## Data block
.....

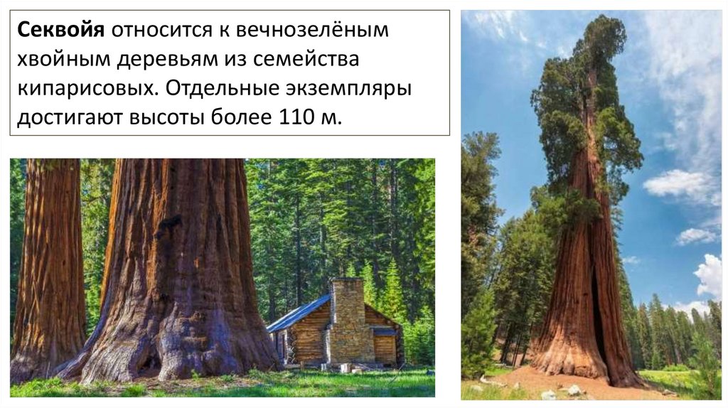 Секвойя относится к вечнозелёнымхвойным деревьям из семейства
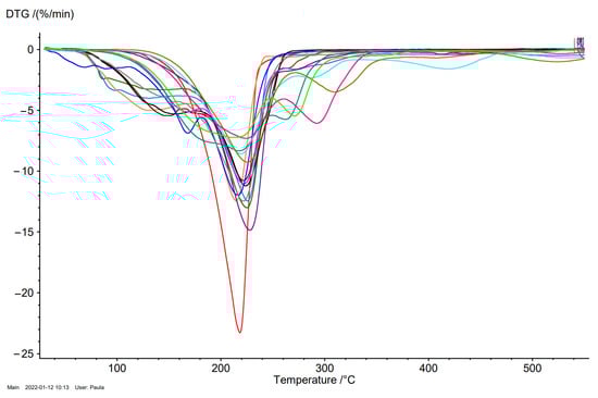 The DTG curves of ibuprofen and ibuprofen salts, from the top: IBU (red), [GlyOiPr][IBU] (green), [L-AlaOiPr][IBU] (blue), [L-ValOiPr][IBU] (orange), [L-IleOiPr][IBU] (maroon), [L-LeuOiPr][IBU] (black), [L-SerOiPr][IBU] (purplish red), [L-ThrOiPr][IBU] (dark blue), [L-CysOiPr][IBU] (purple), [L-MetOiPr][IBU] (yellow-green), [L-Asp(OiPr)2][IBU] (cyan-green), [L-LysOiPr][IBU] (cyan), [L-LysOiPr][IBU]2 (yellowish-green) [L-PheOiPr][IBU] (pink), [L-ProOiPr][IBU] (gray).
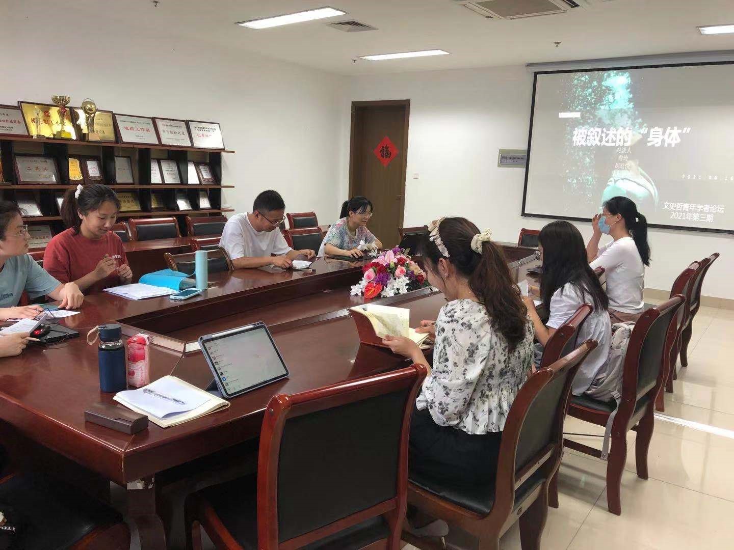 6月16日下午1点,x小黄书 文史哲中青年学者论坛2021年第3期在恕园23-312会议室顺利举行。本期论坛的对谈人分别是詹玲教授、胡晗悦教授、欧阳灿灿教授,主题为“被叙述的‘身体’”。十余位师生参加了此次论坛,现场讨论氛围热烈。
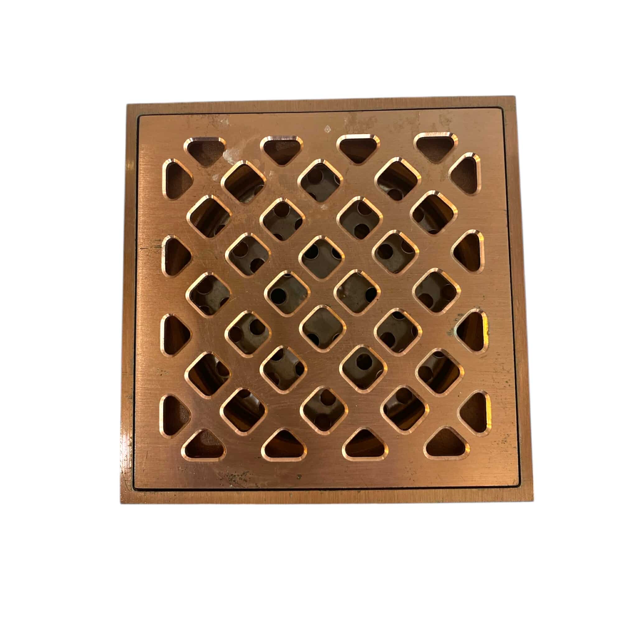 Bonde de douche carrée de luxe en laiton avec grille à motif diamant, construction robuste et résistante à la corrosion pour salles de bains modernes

.....

## What you will do
The pictures should not be reproduced; quote all of the other material exactly.

## Output of the task
 Секвойя относится к вечнозелёнымхвойным деревьям из семейства
 The DTG curves of ibuprofen and ibuprofen salts, from the top: IBU (red), [GlyOiPr][IBU] (green), [L-AlaOiPr][IBU] (blue), [L-ValOiPr][IBU] (orange), [L-IleOiPr][IBU] (maroon), [L-LeuOiPr][IBU] (black), [L-SerOiPr][IBU] (purplish red), [L-ThrOiPr][IBU] (dark blue), [L-CysOiPr][IBU] (purple), [L-MetOiPr][IBU] (yellow-green), [L-Asp(OiPr)2][IBU] (cyan-green), [L-LysOiPr][IBU] (cyan), [L-LysOiPr][IBU]2 (yellowish-green) [L-PheOiPr][IBU] (pink), [L-ProOiPr][IBU] (gray).
 6月16日下午1点,x小黄书 文史哲中青年学者论坛2021年第3期在恕园23-312会议室顺利举行。本期论坛的对谈人分别是詹玲教授、胡晗悦教授、欧阳灿灿教授,主题为“被叙述的‘身体’”。十余位师生参加了此次论坛,现场讨论氛围热烈。
 Bonde de douche carrée de luxe en laiton avec grille à motif diamant, construction robuste et résistante à la corrosion pour salles de bains modernes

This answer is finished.